CI system maintainability

Volker Krause vkrause at kde.org
Thu Mar 28 16:02:19 GMT 2019


On Thursday, 28 March 2019 16:32:34 CET Luca Beltrame wrote:
> In data giovedì 28 marzo 2019 15:15:23 CET, Nate Graham ha scritto:
> > In this case, it seems like the problem is that there are certain
> > individuals or teams that are pushing risky, breaking changes without code
> > review, and then ignoring failures in the CI. I think we might do well to
> > try to answer the question of why that's happening before we create a new
> > rule aimed at stopping it.

That "risky breaking change" was a 5 line fix for a Qt 5.13 build issue that 
had been successfully deployed to multiple repos before. The failure was also 
not ignored but noticed and fixed within about an hour, just not in all 
affected branches.

> Well put. Review or not review, clearly something in the process has failed,
> and I suspect "friction" rather than actual bad-faith ignorance of the CI
> results.
> 
> So, perhaps to force myself out of the bikeshedding (mea culpa) on reviews,
> I'll steal Friedrich's points from another mail and put them here
> synthetically:
> 
> - Why are the CI mails ignored / filtered?
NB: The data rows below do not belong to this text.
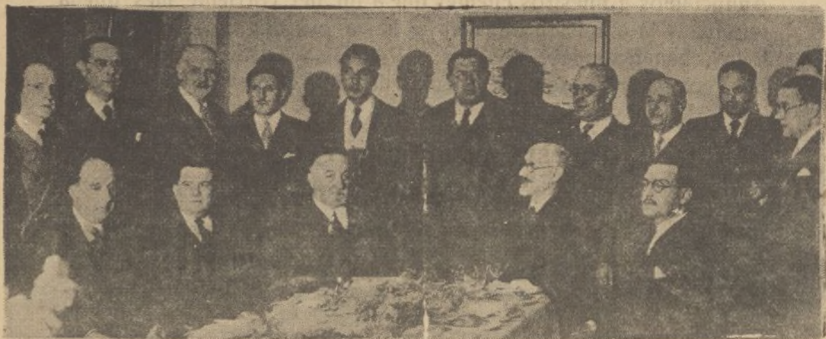
Una comida íntima celebrada en honor del gran escritor don Ricardo Baroja con motivo de haberle sido otorgado el preciado galardón del Premio Príncipe de Madrid.
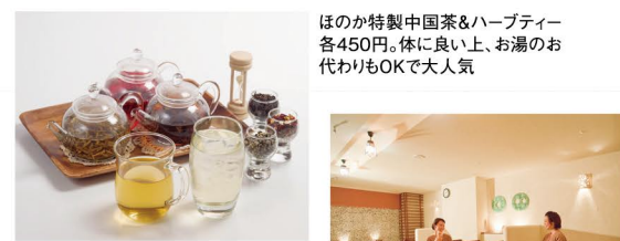
ほのか特製中国茶&ハーブティー各450円。体に良い上、お湯のお代わりにOKで大人気
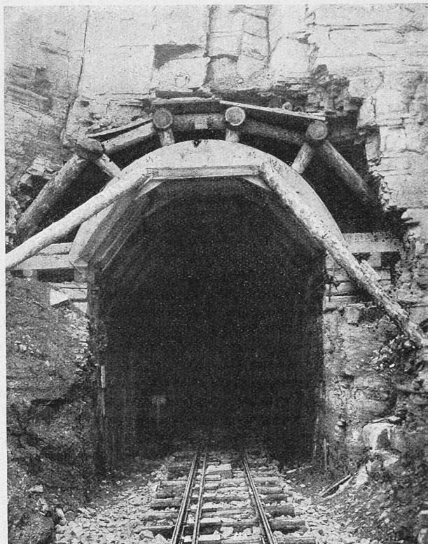
Abb. 7. Feitner-Tunnel zur Zeit der Betriebseröffnung der Fleimstalbahn.

Die typischen Lichtraum- und Mauerungsquerschnitte der Tunnel (Fleimstalbahn) sind in Abb. 9 dargestellt. Die mit 5,12 m bemessene lichte Tunnelhöhe trägt dem künftigen Ausbau auf Meterspur und elektrischen Betrieb gebührend Rechnung.
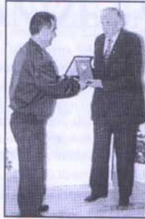
Kızılay Derneği Başkanı Memduh BOYACIOĞLU
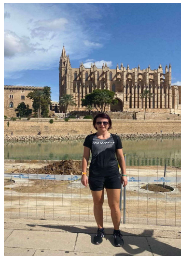
Foto z běhu 21.5 km, Mallorca, Španělsko
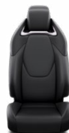
LC20 Čalúnenie syntetická koža čierne Pre výbavu Executive
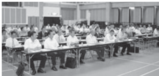
▲アグリホールで開催された国東市実行委員会設立総会・第1回総会

このあと大会開催基本方針や本年度の事業計画・予算案などが審議され、「チャレンジ! おおいた国体」の成功に向けて、市民の英知と情熱を結集し、簡素な中にも心のこもった国東市らしい国体の構築を図っていくことが確認されました。
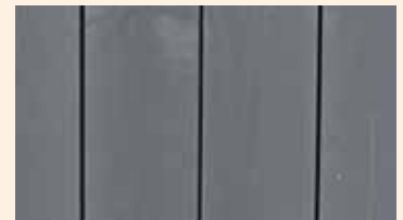
Harmaaksi (RAL 7016) maalatun tuotteen pinta.
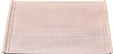
木目フライト盆 ホワイトウッド弱SL A 弱ノンスリップ加工
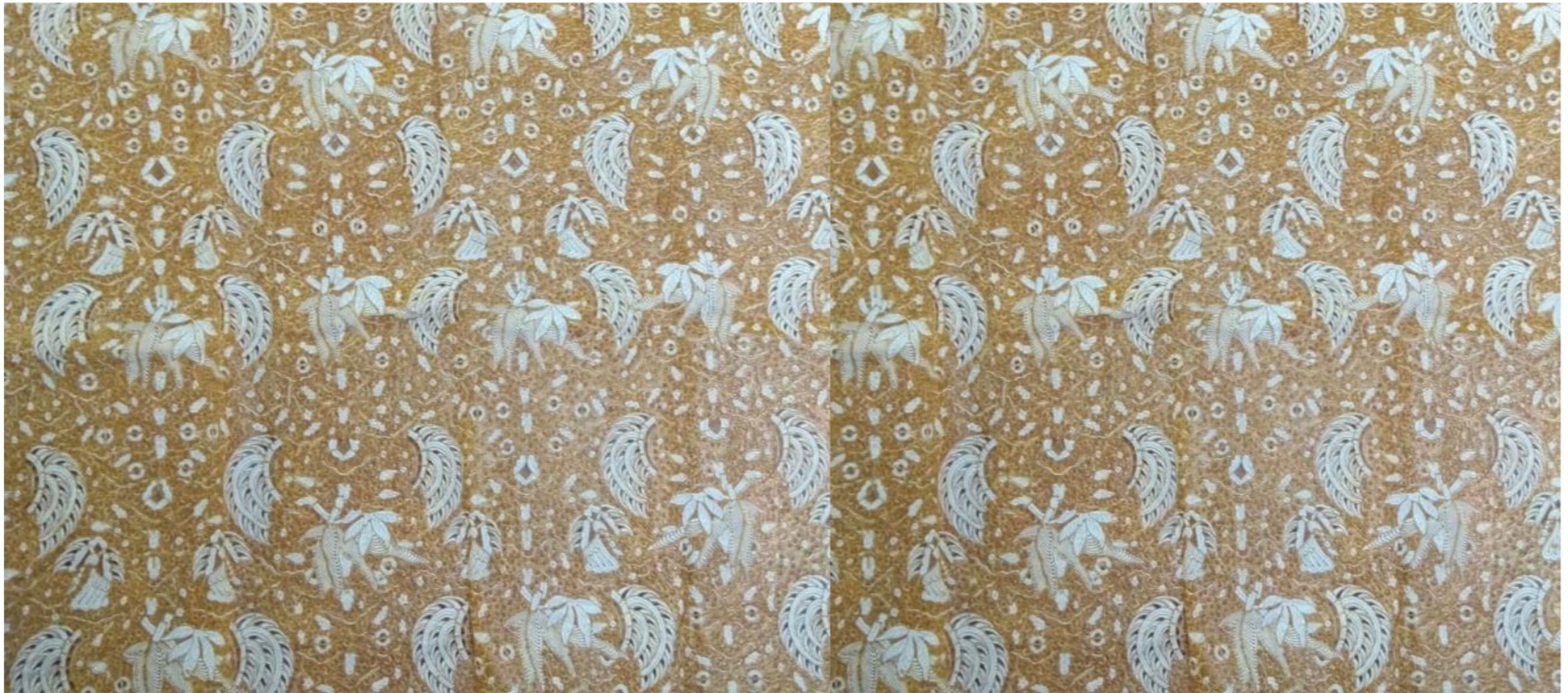
Proses Pembuatan Batik Tulis
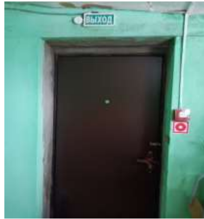
Фото №4 Пути эвакуации
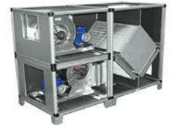
REC T- recuperatore di calore statico a flussi incrociati, fino a 8600 mc/h.
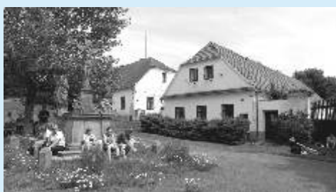
Stranná - odpočinek u Kalvárie
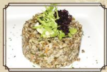
Греча домашней рецептуры 100 80 г.
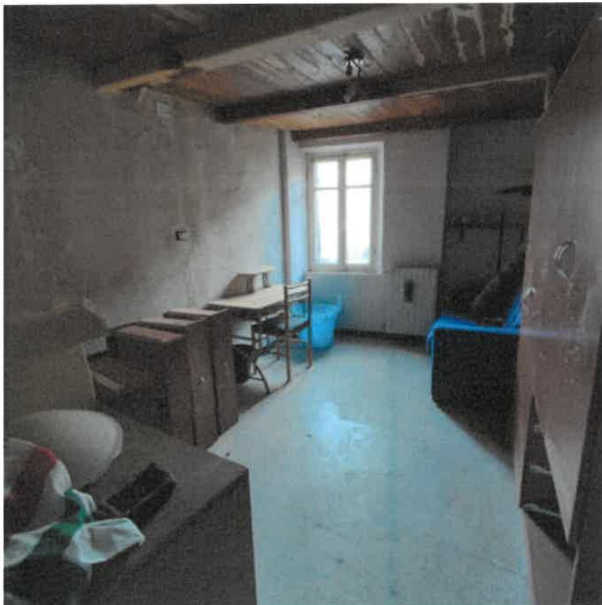
Vista interna locale soggiorno e sala
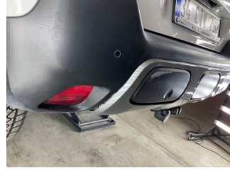
Tampon, ön, Spoiler > Sabitlemesi Hatalı
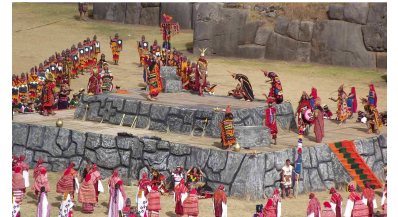
Inti Raymi Fest
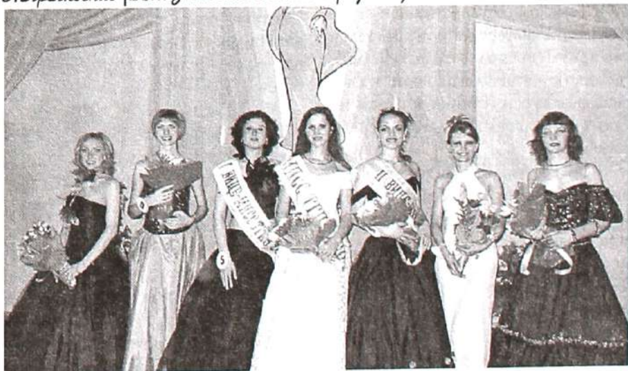
Участницы конкурса: фотография на память
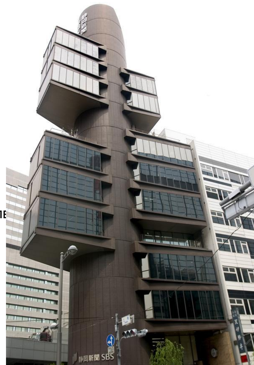
Пресс-центр в Сидзуоке
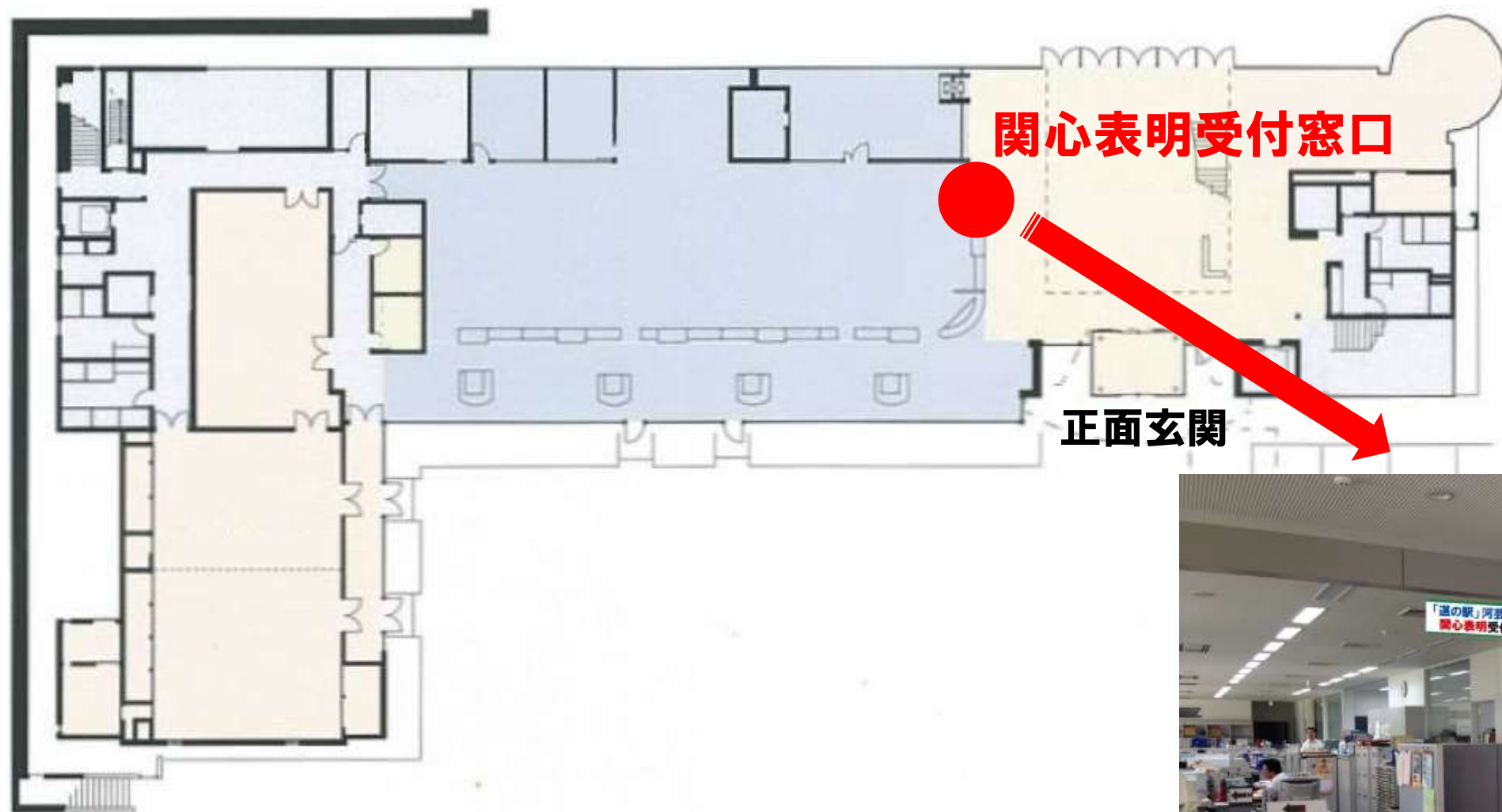
市河芸庁舎1階フロア図
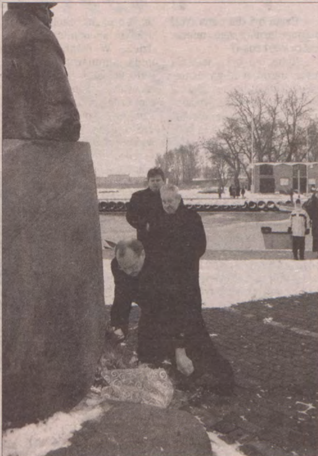
Uczestnicy zjazdu złożyli kwiaty pod pomnikiem gen. Józefa Hallera.
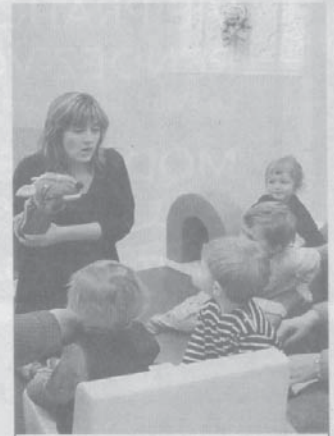
Les enfants aiment le loup rockeur

À LAVARDAC, matinées d'éveil mercredi et vendredi de 9 heures à 12 heures, accueil administratif le mardi après-midi de 13 h 30 à 17 h 30.
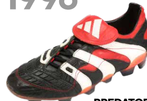
PREDATOR ACCELERATOR ブレデターアクセラレーター
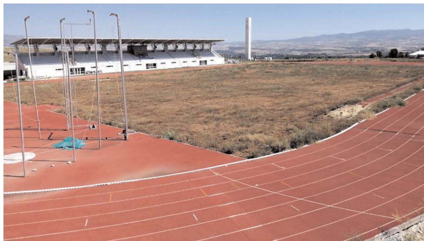
Akent Mahallesi'nde bulunan Atletizm Stadyumu'nun yağlı güreşler içinde kullanılabilirliği belirtildi.
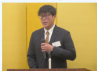
サンガワファーストキャピタル(株)
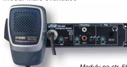
Moduly na str. 58
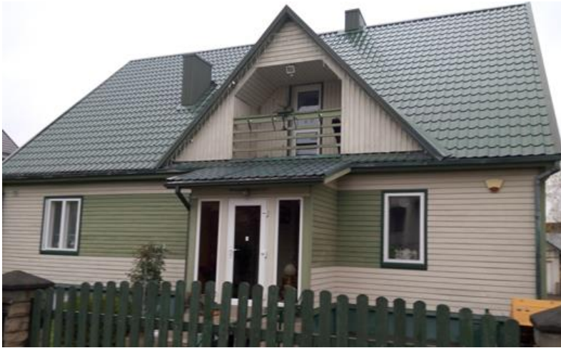
3 pav. Namas Kairėnuose (Vilniaus m.). (2016 10 28).

Ne moderniu, o klasikiniu stiliumi dėl elementaraus, patogaus išplanavimo savo namą įvardino pateikėjų pora Skirgiškėse (Vilniaus r.). Pateikėja Rasose (Vilniaus m.), kalbėdama apie savo gyvenamojo namo stilių teigė, kad siekė minimalizmo – tokio, kaip jis buvo suvokiamas tais laikais, kai statė (statybos pradžia 1993 m., didžiausi statybos darbai – nuo 2000 m., o 2007 m. įsikėlė gyventi). Vilniaus miesto ribose stovinčių pastatų savininkai dažniau minėjo modernų stilių. Pateikėja Naujaneriuose (Vilniaus m.) teigė – „sugalvotas stilius, ne gotika ir ne barokas, kažkas naujesnio tipo“. Moderniu, šiuolaikiniu savo namą įvardino ir pateikėjai Kalveliuose (Vilniaus r.). Dar vienas pateikėjas Naujaneriuose nurodė, kad nemažai laiko skyrė ieškodami patinkančio projekto, savo namo stilių įvardijo remdamasis projektavusio architekto įvardinta „dabartinio modernio atmaina, kuri turi dekoratyvinių elementų . <...> Modernas, kuris <...> daro aliuziją į, tarkim, 100 metų atgal populiarius dalykus“. Pateikėjas taip pat atkreipė dėmesį į tai, kad statybos eigoje yra nukrypstama nuo originalaus projekto: „Nuo originalaus projekto pakankamai daug viskas skyrėsi, nes statybininkai kai kuriems sprendimams architektūriniais nepritarė, <...> dėl to tas stilius keitėsi“ (g. 1975, b. B12). Kairėnuose (Vilniaus m.) pateikėjai nurodė jų namo stilių kaip skandinavišką minimalizmą, tokią stilistiką padiktavo konstrukcinis pasirinkimas – savininkas
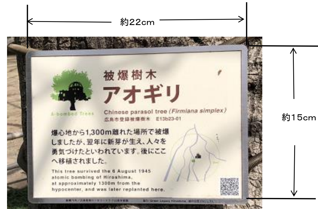
(写真の説明板は歩道に面した高い場所に設置。歩道地面から説明板最上部までの高さは約185cm)
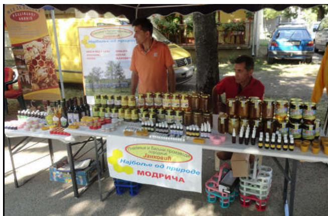
Сајам меда и пчеларства
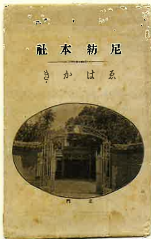
▲ニ紡本社絵葉書タウトウ (大正初期頃の本社事務所が奥に見える)

ニ崎紡績では、明治32年(1899)、ニ崎本社工場内に本社事務所を新築することを決定し、翌年、煉瓦造2階建の本社事務所が竣工しました。昭和20年(1945)の空襲でニ崎工場は大被害を受け、ニ崎での綿糸生産は事実上終止符を打ちましたが、旧ニ崎紡績本社事務所(旧事務所)は戦災を免れ、昭和34年(1959)から日紡記念館(後にユニチカ記念館)として一般公開されました。旧事務所は、現存するニ崎市内最古の洋風建築物であり、ニ崎紡績に関して市内に現存している唯一の建築物です。いわば、工業都市ニ崎の歩みを象徴するシンボルともいえるべき建築物ですので、令和5年(2023)3月、ニ崎市が旧事務所を取得し、市民共有の歴史遺産として保存・活用していくことになりました。

Too many, hard to parse,
> difficult to interpret?
> - What can be done to have people look at them and make sure they don't
> overlook breakage?
> 
> At least for the second point, as I mentioned earlier in the thread,
> probably having the committer being mailed in case of failure (GitLab does
> this IIRC) might be better than just on the mailing list. The second
> approach is what we use in openSUSE, where I usually don't subscribe to
> failure notifications (almost 300 packages is overkill) but a bot starts
> pestering me with mails the moment build failures go unfixed (granted, the
> time scale is different).
> 
> For the first, I'd like people more involved in the development to say their
> word.

See my earlier mail in this thread on how this slipped through for me.